A year after finishing as the NFL’s worst-ranked rushing defense, Washington did everything it could to ensure there’d be no repeat of that this time around.
That’s why the ‘Skins drafted Daron Payne and Tim Settle, re-signed Zach Brown and Mason Foster and eagerly awaited the return of Allen. And together, the group has rebounded extremely well, as they currently check in as the fifth-best run-stopping unit.
In a Week 5 meeting with the burgundy and gold, Ezekiel Elliott had one of his worst-ever performances, going for just 33 yards. Christian McCaffrey and Saquon Barkley failed to top 40 yards on the ground. In Week 1, David Johnson was ineffective.
Not surprisingly, those efforts all ended in wins for Jay Gruden’s squad and they were all praised as they should’ve been.
But there’s also a common link between them: None of those running backs were part of offenses that featured dangerous, united passing attacks.
Sure, McCaffrey lines up behind the talented Cam Newton, but Newton’s top receiver is, as it turns out, McCaffrey. Barkley, as another example, shares the field with outside threats Odell Beckham and Sterling Shepard, yet the guy throwing them the ball is a shell of a shell of himself.

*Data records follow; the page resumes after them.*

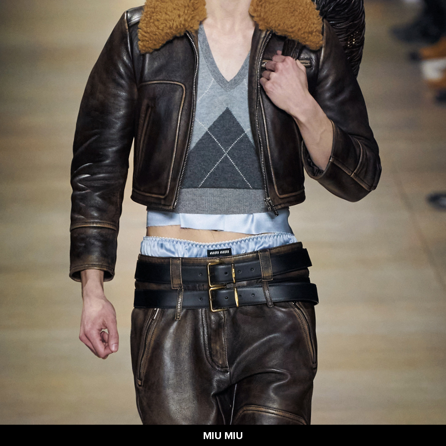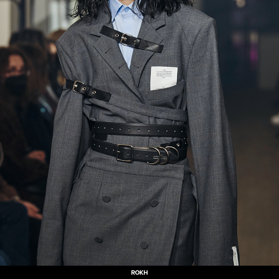 벨트를 겹겹이 스타일링하는 것이 뉴 시즌의 트렌드로 떠올랐다. 묵직해진 골반 위로 잘록한 허리를 드러내볼 것.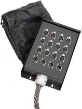 | Cable construction: | Multicore cable | | Cable length: | 30 m | | Plug A: | 12 x 3-pin XLR (M) mounting version; 4 x 3-pin XLR (F) mounting version | | Plug B: | 4 x 3-pin XLR (M); 12 x 3-pin XLR (M) | | Color: | Black | | Dimensions: | Width: 18 cm Depth: 9 cm Height: 26 cm | | Weight: | 13,85 kg |  |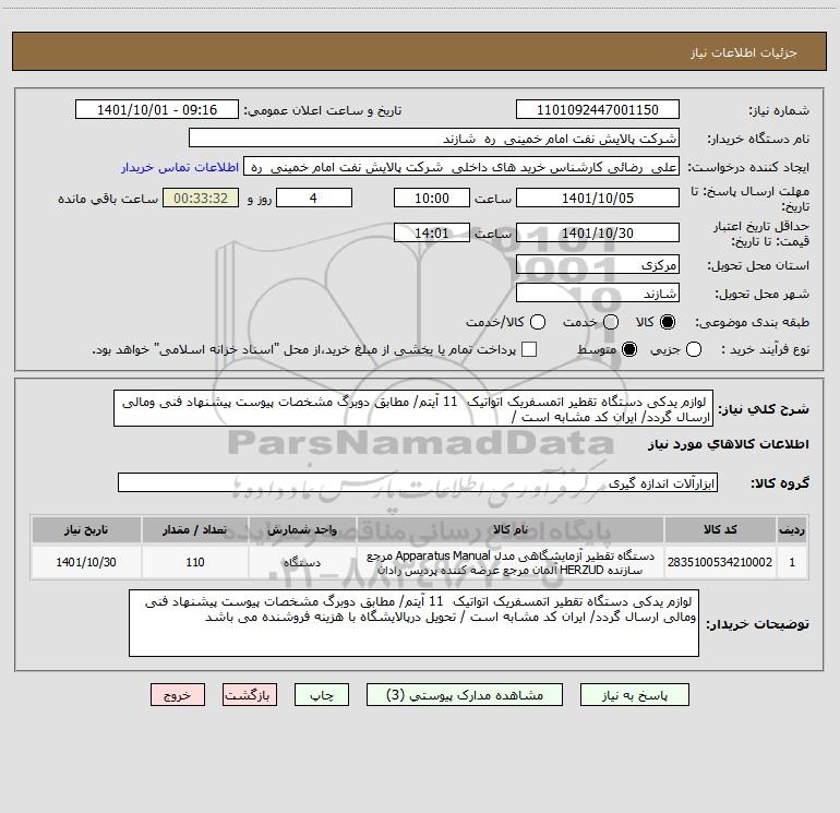 توضیحات خریدار: لوازم یدکی دستگاه تقطیر اتمسفریک اتواتیک 11 آیتم/ مطابق دوبرگ مشخصات پیوست پیشنهاد فنی ومالی ارسال گردد/ ایران کد مشابه است / تحویل درپالایشگاه با هزینه فروشنده می باشد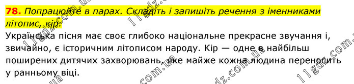 Попрацюйте в парах. Складіть і запишіть речення з іменниками літопис, кір. Українська пісня має своє глибоко національне прекрасне звучання і, звичайно, є історичним літописом народу. Кір — одне в найбільш поширених дитячих захворювань, яке майже кожна людина переносить у ранньому віці.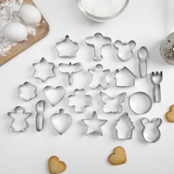 Набор форм для печенья «Лето», 20 шт, цвет серебристый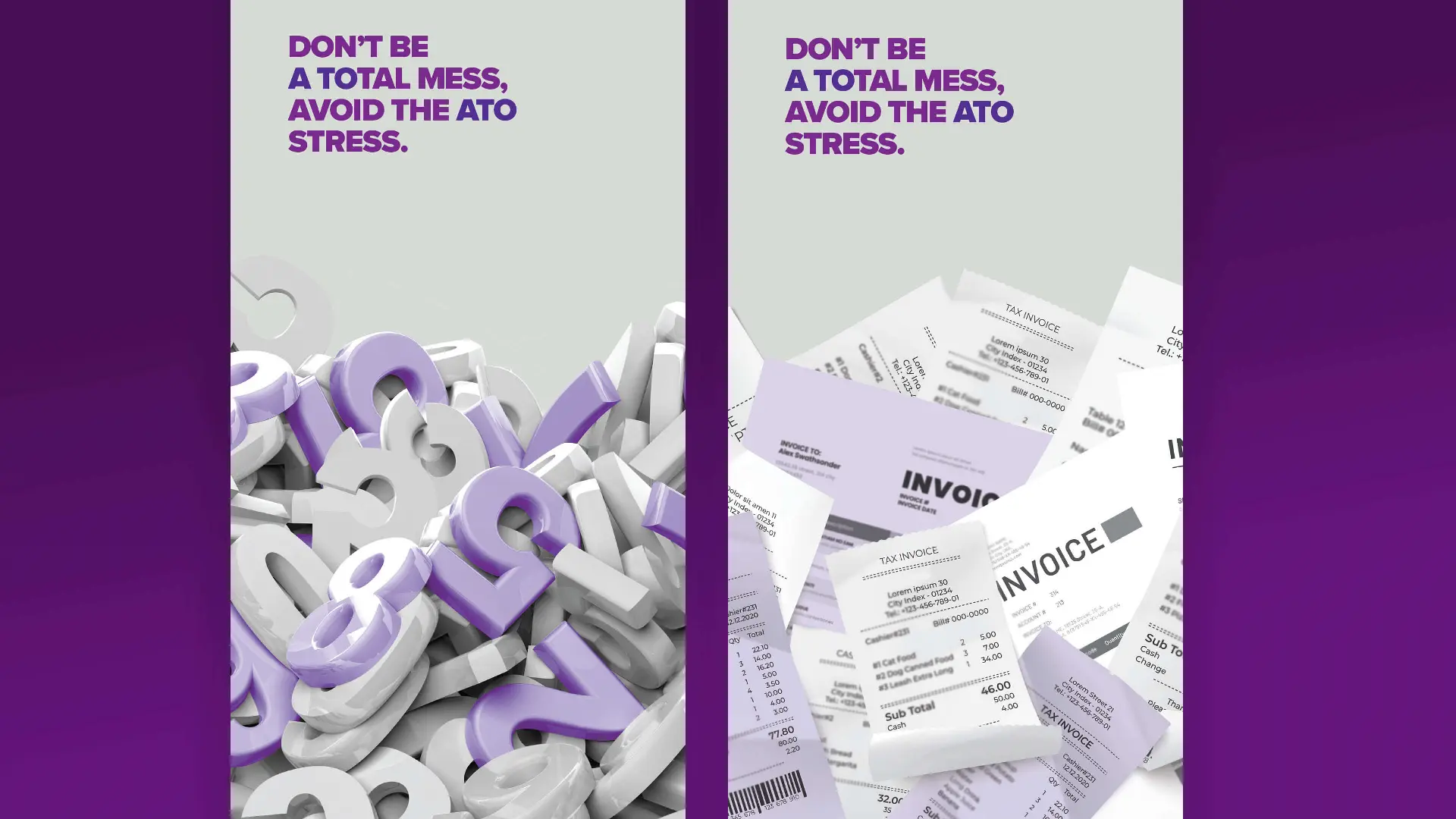 Following the success of the aforementioned 2019 advertising campaign for Accountancy Insurance, the firm were looking for assistance with a campaign that would speak directly to the Australian market. Based on Cubicle Fugitive’s original campaign headline ‘Don’t let the CRA drive you CRA-ZY’, the firm were looking for a headline that targeted the ATO or Australian Taxation Office and used the letters ‘ATO’ in a clever, industry-focused way. A series of brainstorm sessions and research was conducted in order to develop a list of headlines from which the client would make their choice. The firm unanimously decided on “Don’t be A Total mess, Avoid the ATO stress”. Once the headline was decided upon, our design and brand team worked together to develop campaign visuals that not only matched the headline, but could work within the existing campaign that we had developed and launched in 2019. The final result stayed true to Accountancy Insurance’s global advertising campaign elements, but with new, bold, industry-specific imagery.

But when the Redskins have been tasked with stopping a star QB and dynamic pass-catchers, the results have been ugly.
In New Orleans, Drew Brees completed 89-percent of his passes for 363 yards on Washington’s D and also tossed three scores. This past week, Matt Ryan racked up 350 yards for four TDs on Greg Manusky’s side.

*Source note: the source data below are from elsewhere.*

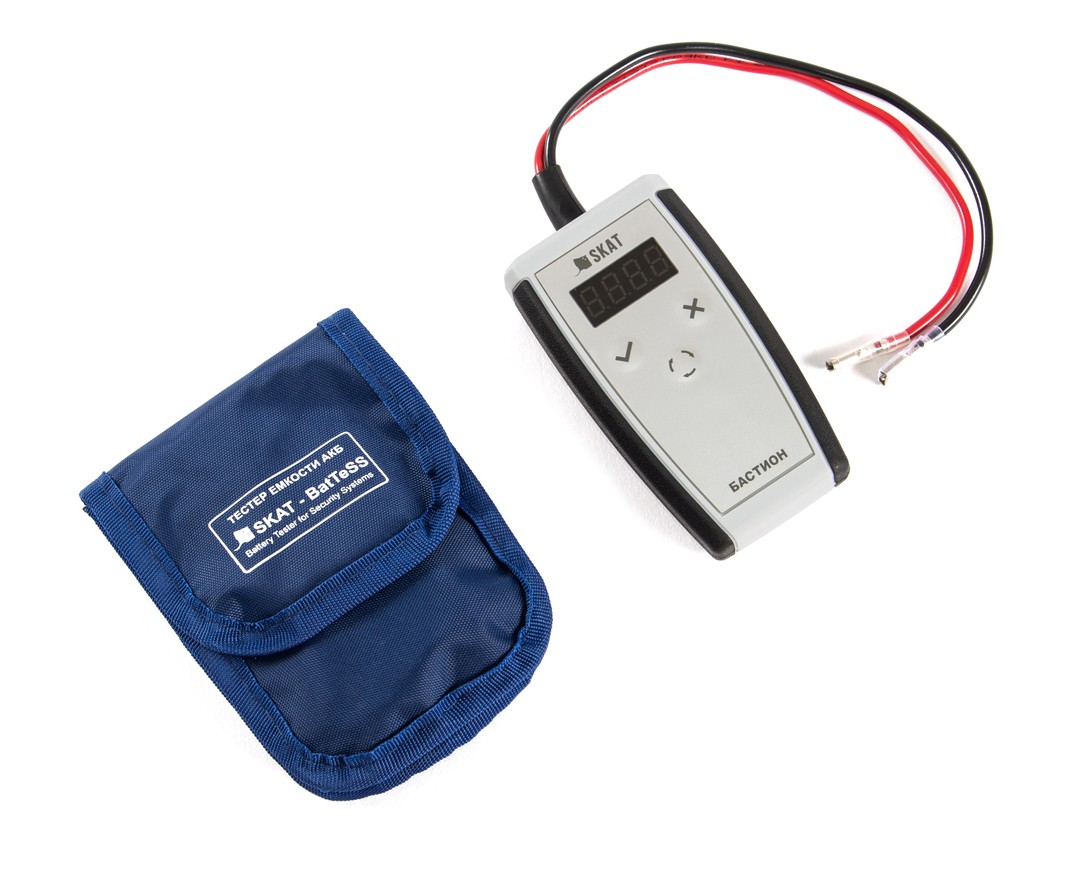 Автоматический тестер ёмкости аккумуляторных батарей SKAT - BatTeSS (Battery Tester for Security Systems) предназначен для оперативной оценки технического состояния и остаточной емкости свинцово-кислотных АКБ с номинальным напряжением 12 В и номинальной емкостью 1,2—12 Ач, которые применяются в системах охранно-пожарной сигнализации и видеонаблюдения.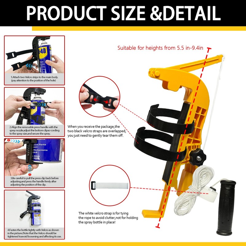 - 【Perfect Design】 Equipped with a top-down button trigger, this wasp spray extension pole adapter stabilizes aerosol cans, making them secure and easy to use. This spray can holder is versatile enough to be attached to and triggered by nearly any type of spray can, as well as some dusters and other spray bottles.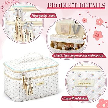 Zeyune 2 Pcs Cotton Quilted Makeup Bag for Women, Large Travel Coquette Cosmetic Bag, Aesthetic Cute Floral Toiletry Skincare Organizer(Double Layer Style)

Both of those matchups resulted in 24-point losses.
Even in the ‘Skins’ other loss this season, Andrew Luck and TY Hilton were able to connect when they needed to, especially late. While their numbers aren’t as gaudy as the results against Brees or Ryan, the point remains that Washington is flawed versus top passing attacks.

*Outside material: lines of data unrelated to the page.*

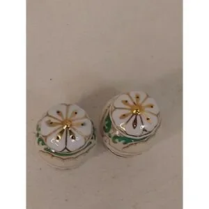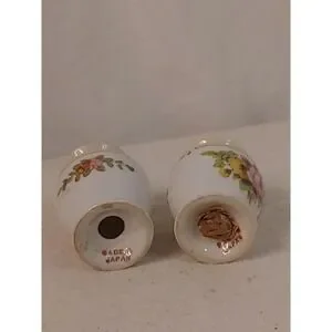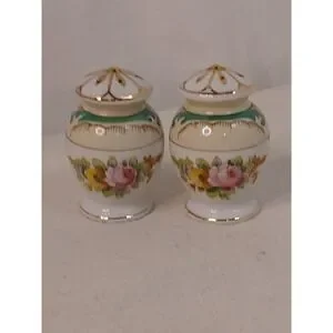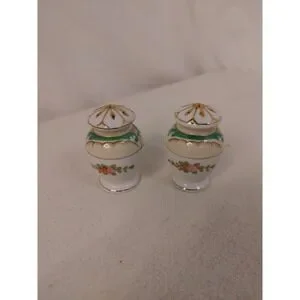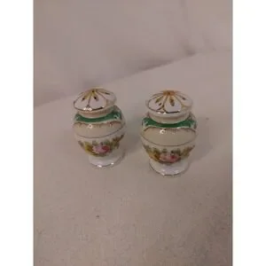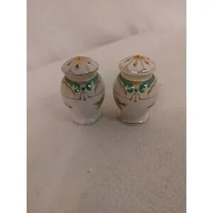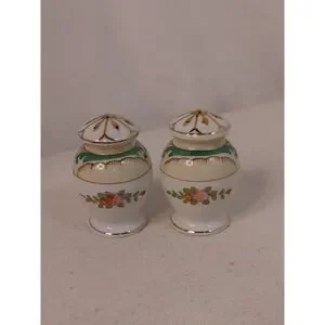 Japanese salt and pepper shakers Ceramic Green Floral design VTG Japan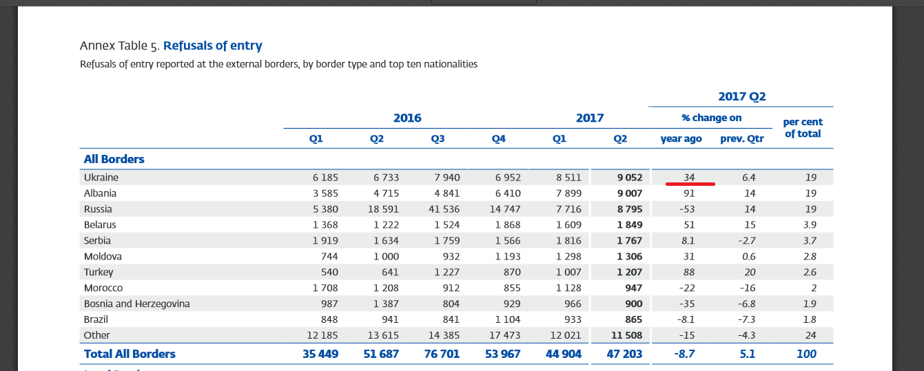 ...Несмотря на отмену визового режима, Украина заняла первое место в списке государств, чьи граждане получают отказ во въезде на территорию Евросоюза. Количество отказов возросло на 34% по сравнению с 2016 годом и на 6,4% по сравнению с началом 2017 года..."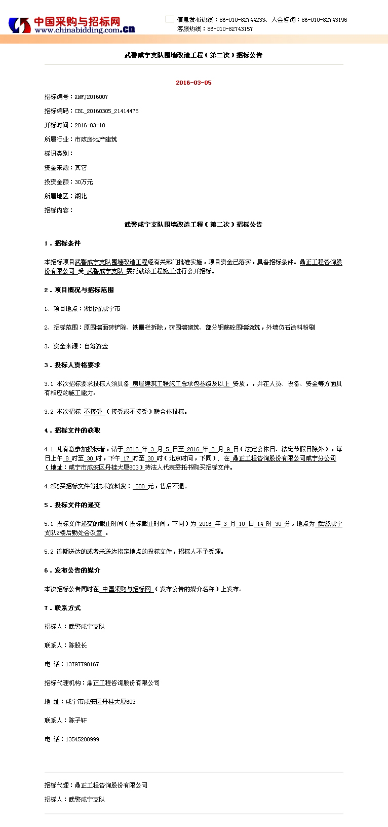 武警咸寧支隊圍墻改造工程(第二次)招標公告
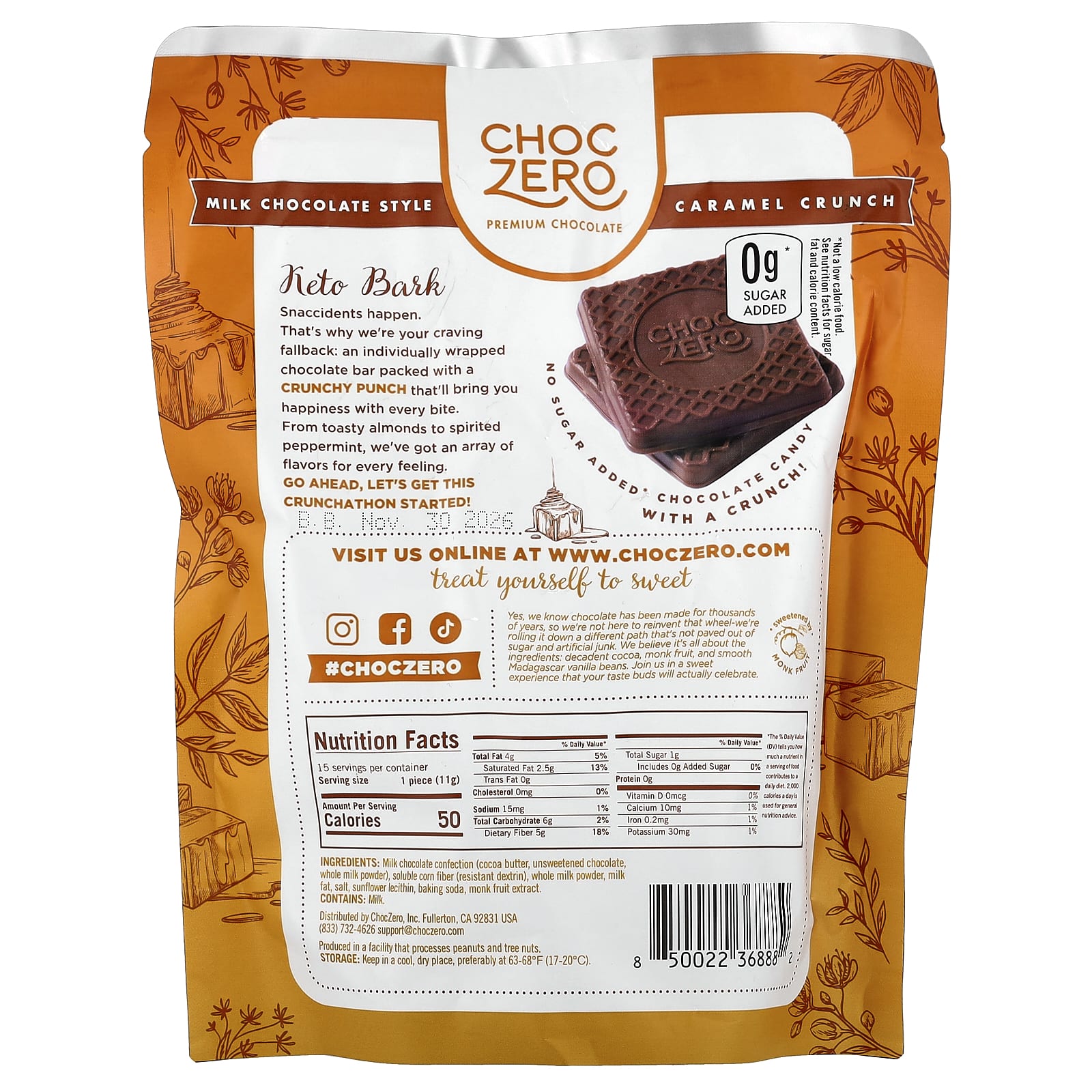 Молочный шоколад (какао-масло, несладкий шоколад, цельное сухое молоко), растворимая кукурузная клетчатка (устойчивый декстрин), сухое цельное молоко, молочный жир, соль, Лецитин подсолнечника, Пищевая сода, экстракт плодов монка.

So do the team stats. The Redskins are ninth in points allowed and, as already pointed out, top-five at limiting RBs. But they’re just 20th in pass yards allowed per game and 22nd in opposing passer rating per game.
Now, there’s reason to hope things get better in the second half of the year.
Ha Ha Clinton-Dix’s addition should make the secondary deeper as long as he can get comfortable quickly. Ryan Kerrigan is heating up, meanwhile, and perhaps Preston Smith can, too, which would increase the pressure on opposing signal callers.
They also still have dates with opponents that have similar styles to ones they’ve already beaten. The Titans, Texans and Jags rank in the bottom-half when it comes to moving the ball with the pass and rematches with the Cowboys and Giants remain as well. Plenty of potential wins are out there.
And lastly, the Redskins are of course not the only ones that have issues holding down experienced QBs who are picking between a slew of dynamic targets on every play. In-depth analysis alert: it’s hard to do that.
But if this version of the Redskins defense wants to elevate the franchise to the playoffs and contend there, they must avoid meltdowns like the ones with the Saints and Falcons.
A solid defense can look strong one week against lesser competition, but elite defenses can shut down anyone. The Redskins haven’t shown that latter ability yet.